Although David Cameron has made bold attempts to put this right, he has also made a double miscalculation. Determined to convince the electorate that his party has changed, he forged into policy areas where few voters would expect to find a Tory politician. But this strategy had the defects of its qualities. There may have been freshness; there was insufficient coherence. There was also the risk of abandoning traditional Tory territory and thus alienating traditional Tory supporters. They want to hear about crime, immigration, Europe and tax cuts.

Mr Cameron was reluctant to satisfy them, because he thought it would undermine his claim to have changed his party. That brings us to the second element of the miscalculation. Perhaps through modesty, he has underestimated his own impact. As Michael Heseltine has been saying for months, David Cameron was the change. In view of that, he has much more freedom of manoeuvre to appeal to his core vote than he has yet allowed himself. It was always intended that last Christmas would see the end of the first phase of the Cameronian transformation. Thereafter, the approach would become grittier and harder-edged. But this has not happened. As a result, the party has lost momentum.

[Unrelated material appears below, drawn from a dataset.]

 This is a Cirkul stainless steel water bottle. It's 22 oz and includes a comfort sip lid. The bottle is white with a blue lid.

That analysis would be challenged by some of those around the Tory leader. They point out that he has made speeches about the family, the need for effective border controls, and about crime. They are right. But that is not what most voters remember. It ought to alarm the Cameron high command that despite the very able writers among their number, Mr Cameron's best-known phrase is "hug a hoodie" - which he never actually said, and which is unhelpful. When all his real words are less well-known, there is no room for complacency.

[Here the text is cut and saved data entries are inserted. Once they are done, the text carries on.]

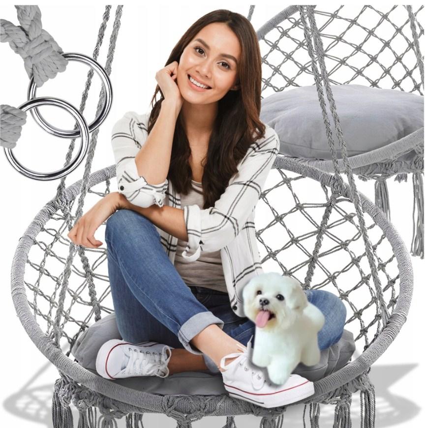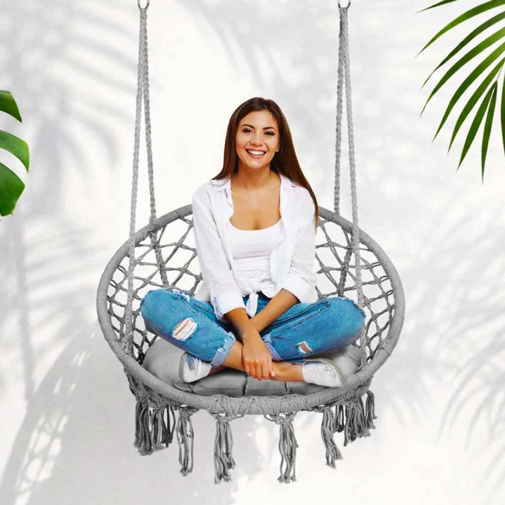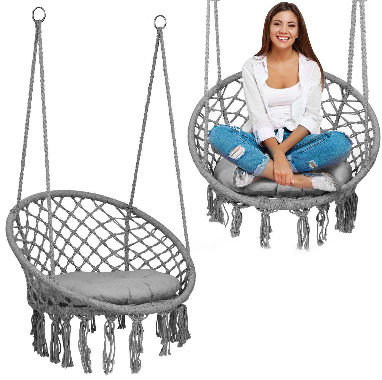 Садове підвісне крісло-качалка BOHO з подушкою сірий 290010 — це ідеальне рішення для тих, хто шукає
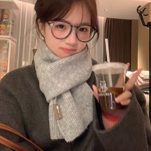 毛线围巾秋冬季小布标氛围感韩版百搭学生保暖披肩冬季针织围脖
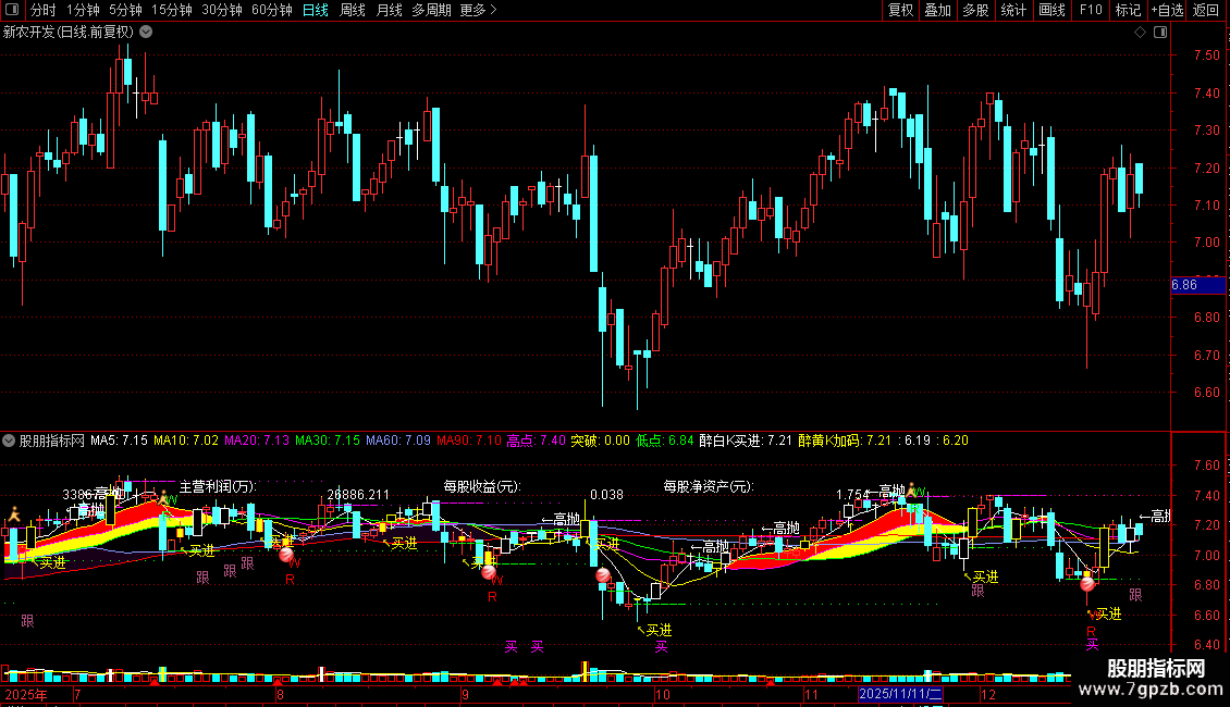 DRAWTEXT(TJ=1,(V-HLMN3)*HLMN2/HLMN4+HLMN1+0.2,'买')COLORMAGENTA;
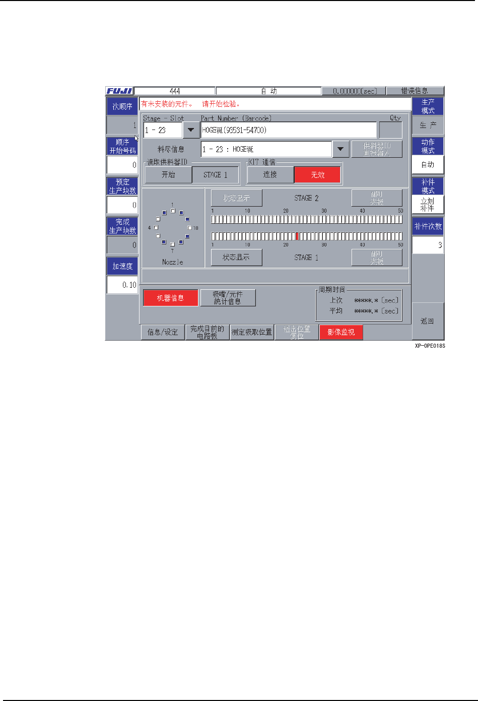 3. 操作系统 SYS-XP143-1.0S 74 XP-142E/143E 系统手册 注意 ) ※印的项目中,只有具有维修保养 A 的权限的操作者,才可以变更参数。 执行供料平台的切换:执行供料 平台切换。 (仅仅在 AA 模式时显示出这个按键。 ) 当前使用中的平台显示在模式的 后方。 (只限于 AA 模式) 料站信息 : 显示出生产程序中设 定的平台、料槽信息。 料尽信息 : 显示出机器判断为 「料尽」的料槽。按 下 [ 元件设定…
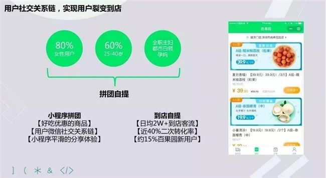 小程序上线 6 个月,月新增用户峰值 300 万+,通过拼团,百果园提升了20%的分享率和转化率。
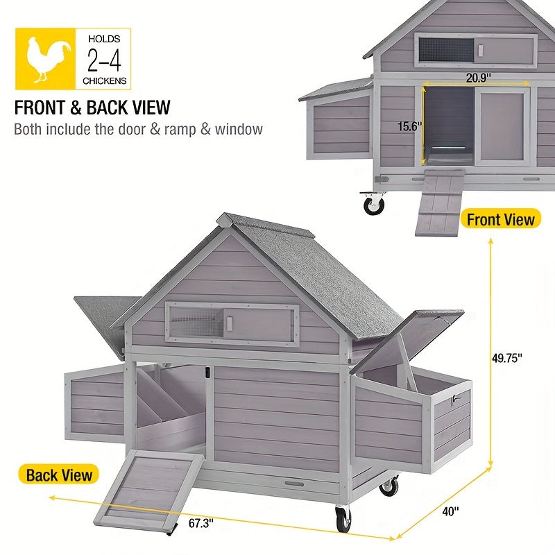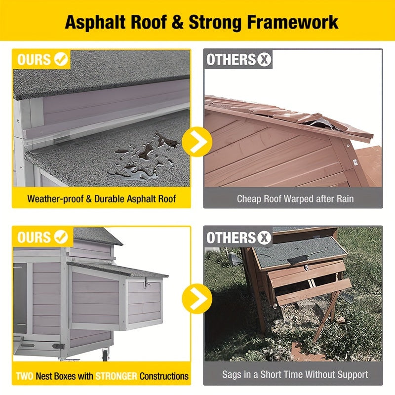 Movable Large Outdoor Chicken Coop - Wooden Hen House With Nesting Boxes, Asphalt Roof & Strong Framework On Wheels

Mr Cameron needs an intellectual framework: a number of speeches, a long pamphlet or a short book. From this, it must be possible to derive themes and phrases. Thereafter, those themes and phrases should be endlessly repeated.

Around 1996, a bright Labour youngster interrupted a strategy meeting. He thought that he had a good tale to tell. It was no longer "22 Tory tax-rises"; it was now 24. The youth expected a mention in dispatches. He got a flea in his ear. He was told that 22 Tory tax rises was a plosive phrase on the platform. It drew strength from alliteration. It was hammering home to the voters. Leave well alone.

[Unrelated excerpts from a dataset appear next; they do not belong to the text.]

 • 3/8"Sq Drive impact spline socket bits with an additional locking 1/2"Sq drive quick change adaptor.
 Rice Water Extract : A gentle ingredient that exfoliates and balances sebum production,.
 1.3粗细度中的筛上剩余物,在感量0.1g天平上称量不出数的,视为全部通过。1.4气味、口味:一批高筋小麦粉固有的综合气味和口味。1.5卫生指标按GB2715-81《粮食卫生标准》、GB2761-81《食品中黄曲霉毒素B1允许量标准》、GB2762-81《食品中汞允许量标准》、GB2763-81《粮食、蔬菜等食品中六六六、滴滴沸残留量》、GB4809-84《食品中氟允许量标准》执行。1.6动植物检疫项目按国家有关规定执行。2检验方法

The Tories ought to adopt similar tactics. The copies of Mr Cameron's speeches now mouldering in Tory HQ files contain plenty of good material. "This is a government which treats children as adults and adults as children" is only one example. But there is no point in phrases unless they are turned into firepower.

As for themes, David Cameron ought to start with the family. It is not only a subject on which he is passionate, but a means of integrating policy proposals on everything from health to tax. It should be a crucial part of the narrative. There is also scope for negative politics, a tactic which never harmed New Labour. Most voters would be receptive to the argument that Gordon Brown has wasted an intolerable amount of public money. Equally, many voters would like the Tories to condemn political correctness and the nanny state. Those may be clichés. Politicians cannot afford to be too fastidious about using clichés.

Gordon Brown will be less popular in three months' time than he is now, and will seem less formidable. He will be unable to suppress indefinitely the negative aspect of his personality. It should also be possible for the Tories to challenge his reputation for probity. But Mr Cameron cannot rely on Mr Brown's mistakes. He will have to be more effective in putting forward his own positive message than he has been in recent months.